Some workers do have a visa, commonly Domestic Workers in a Private Household. Yet this visa is another example of government decisions increasing exploitation and harm for migrant childcare workers. In 2012, Theresa May changed the conditions of the visa so that workers were unable to change employers, effectively tying them to abusive employers. In a 2014 study by Kalayaan, a charity that provides advice, advocacy and support services in the UK for migrant domestic workers, workers who entered the UK on a Domestic Workers in a Private Household visa after 2012 were twice as likely to be physically abused by their employers as those on the pre-2012 visa.

Those workers who do manage to escape abusive households – or who are kicked out – find themselves not just jobless, but homeless. One nanny described coming back to her employer’s house during lockdown to find the locks changed. With no recourse to public funds – a system that denies people with insecure immigration status access to benefits and other forms of state support – workers are forced into destitution.

If we really care about children, parents and workers, then, we need to remove rather than fortify the borders in childcare. The most urgent change – as groups like JCWI, Migrants Organise and Focus on Labour Exploitation (Flex) have all argued – is the repeal of “illegal working”. This would ensure that migrants have the same protections as their fellow workers.  As an interim measure, Flex and the Labour Exploitation Advisory Group (LEAG) have called for the introduction of “secure reporting systems” to guarantee that there are at least channels for workers to report problems at work without facing deportation.

Beyond enabling the enforcement of employment law, scrapping “right to work” could improve the quality of childcare provision for everyone. It would mean that all workers could register with Ofsted (provided inaccessible fees were also scrapped), allowing the government to regulate the sector without pushing out its most vulnerable members. It would also make it possible for migrant childcare workers to access the training currently unavailable to them, including on paediatric first aid, safeguarding, domestic violence, nutrition and early years education.

Regulation is an important tool for tackling workplace inequality and exploitation.
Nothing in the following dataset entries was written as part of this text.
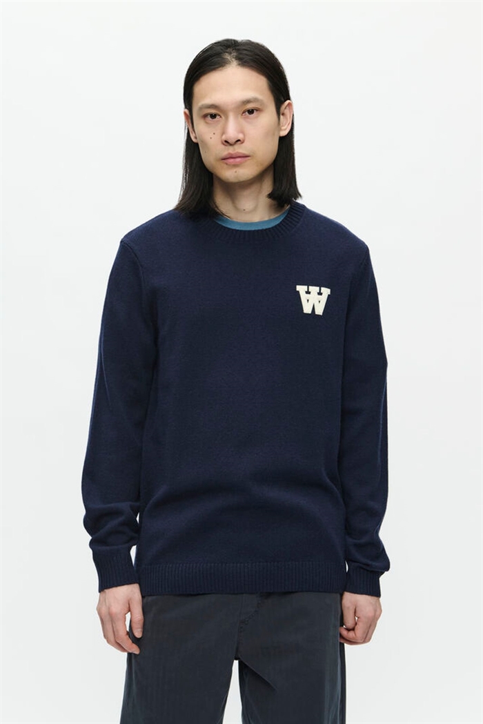 Tay L Striktrøjen fra Wood Wood er en klassisk og alsidig sweater i en let meleret blå farve. Den er strikket i en blød og behagelig kvalitet, der gør den perfekt til kølige dage. Det minimalistiske design med det diskrete 'W'-logo på brystet giver et rent og moderne udtryk, der passer til både hverdag og mere formelle anledninger. Et stilrent valg til garderoben, uanset sæson.
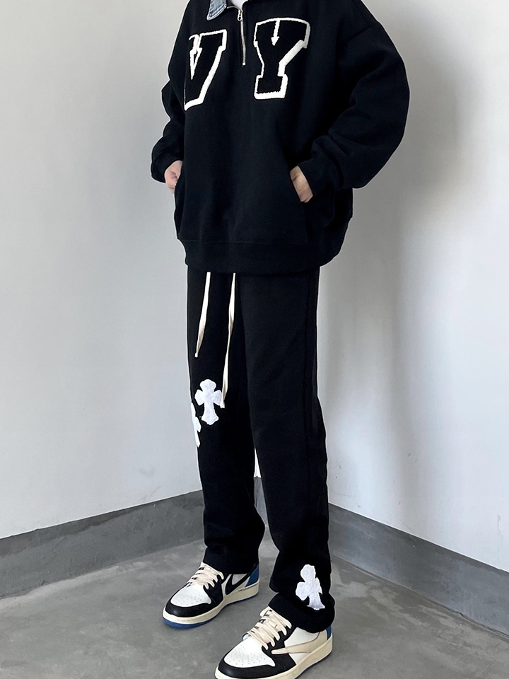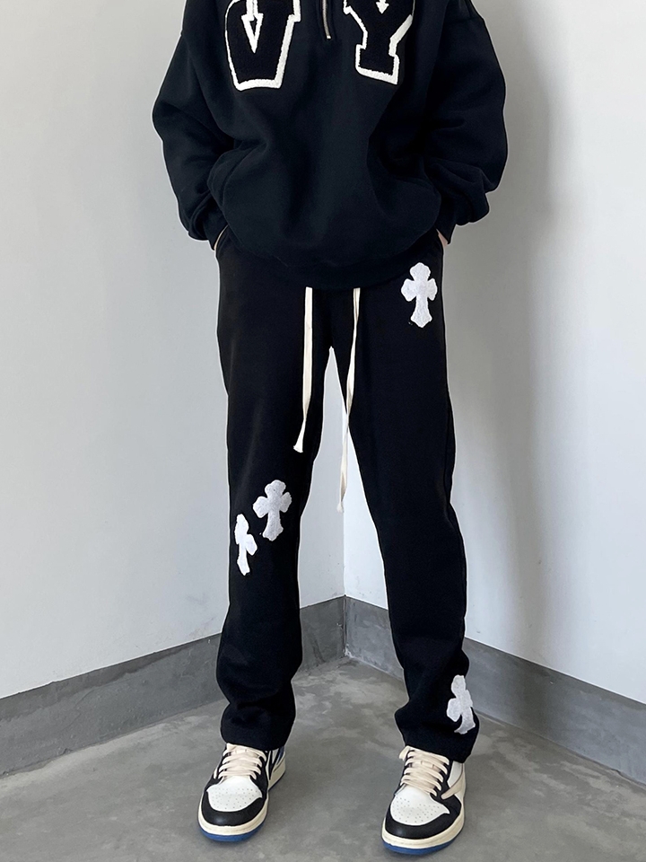 这款休闲裤的裤身有十字架绣点缀,显得与众不同,个性十足。直筒子楼的版型穿着也非常舒适自在,对身形的包容度高。
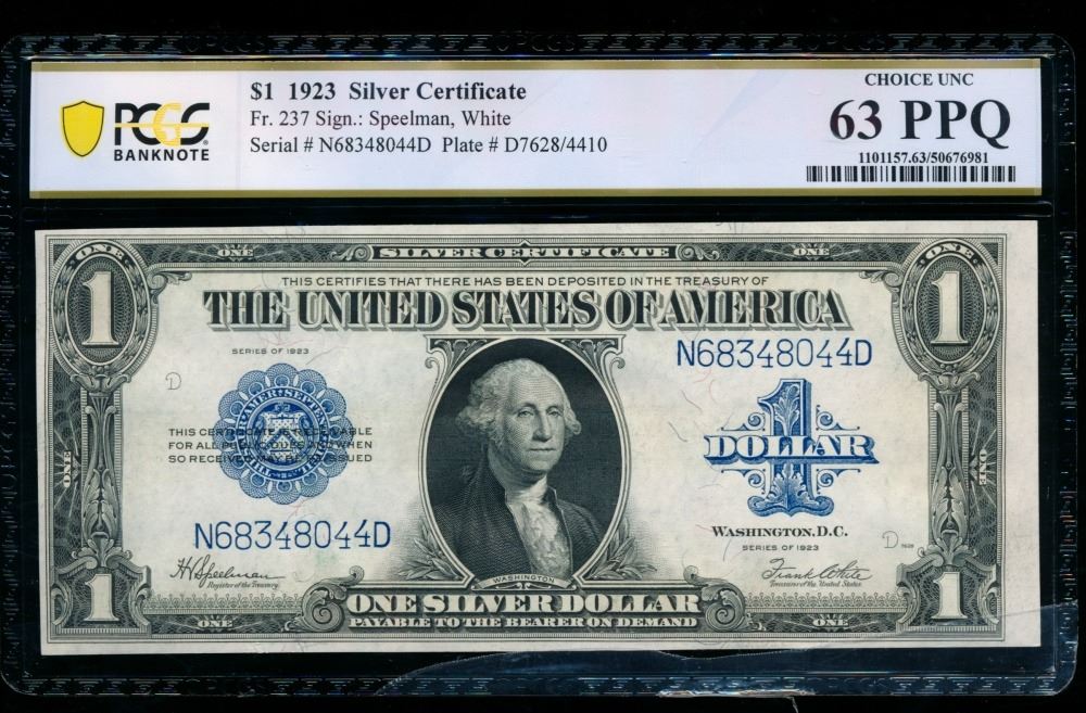 One 1923 $1 Silver Certificate PCGS 63PPQ.
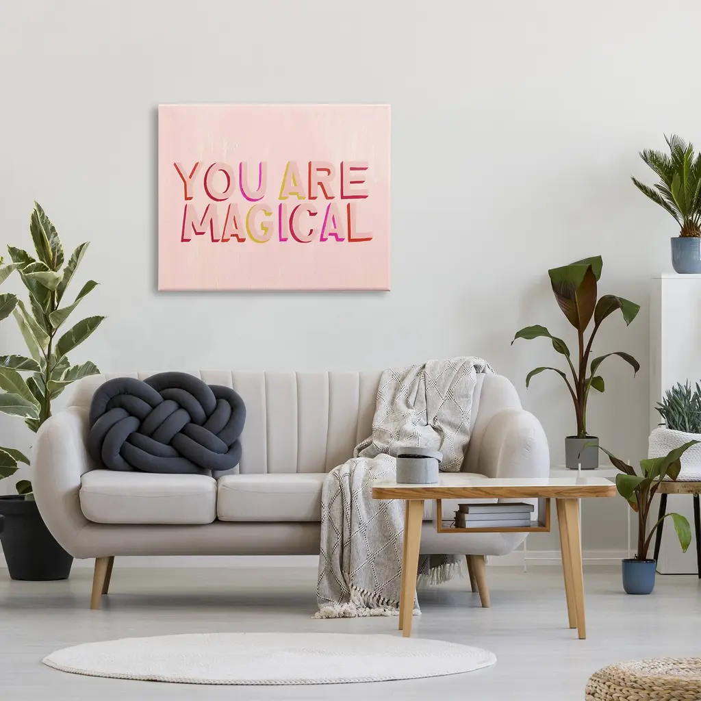 We create our stretched canvas to the highest standards. Using only the highest quality inks and canvas on Mimaki printers, we hand-cut and stretch each piece over a 1.5-inch thick wooden frame for hanging. As a result, the art comes ready to hang on the sturdy ledge with no installation required. Stupell Wall Art is made in the USA.Features: Dimensions: 20 x 1.5 x 16 InchesStretched Canvas Sizes Include Standard: 20 x 1.5 x 16 Large: 30 x 1.5 x 20 X-Large: 40 x 1.5 x 30 Oversized: 48 x 1.5 x 36Wall Art is Ready to Hang - No Installation or Hardware Needed. For Easy Set Up Lean or Layer Artwork on Shelf or Against Wall.Our stretched canvas is created with the highest standards. We use only the highest quality inks and canvas on our in house Mimaki printers, and then hand cut and stretch each piece over a 1.5 inch thick wooden frame for hanging. Made In USA.Artwork Relates To: Pink, Uplifting, Inspirational, You Are MagicalDesign by Grace Popp

Equally important is worker organising. Migrant women have been historically excluded from union membership. While the policy interventions described above would remove such barriers, migrant workers are already finding ways to build power within the hostile environment.

Drawing on organising initiatives by other precarious and migrant workers, such as Britain’s Swarm (Sex Worker Advocacy and Resistance Movement) and America’s National Domestic Workers Alliance, the Nanny Solidarity Network (NSN) is the first UK-based group organised by and for childcare workers that centres migrants. Established during lockdown, the NSN promotes mutual aid including a coronavirus hardship fund, free English classes and “know your rights” resources. The network is now exploring the possibility of establishing a union branch with the Independent Workers’ Union of Great Britain (IWGB).

Groups like these are also campaigning for industry change on a larger scale. The NSN is calling for domestic work to be added to the “skilled work” list for Tier 2 General Worker visas, while groups like LAWRS and Kalayaan are campaigning to reinstate the pre-2012 Overseas Domestic Worker visa, as well as allow routes to settlement for documented domestic workers. The government must take these asks seriously in order to value the vital role care provision plays in enabling the broader economy to run.

The informal economy does not exist in spite of the criminalisation of migrants; it exists because of it. If we truly want to see a safer childcare industry, we must allow all workers in the sector the right to work visibly and with full access to employment rights. Doing so will ensure quality care – for workers and families alike.

Miranda Hall is a researcher at the New Economics Foundation. Veronica Deutsch is a writer, nanny and organiser with the Nanny Solidarity Network.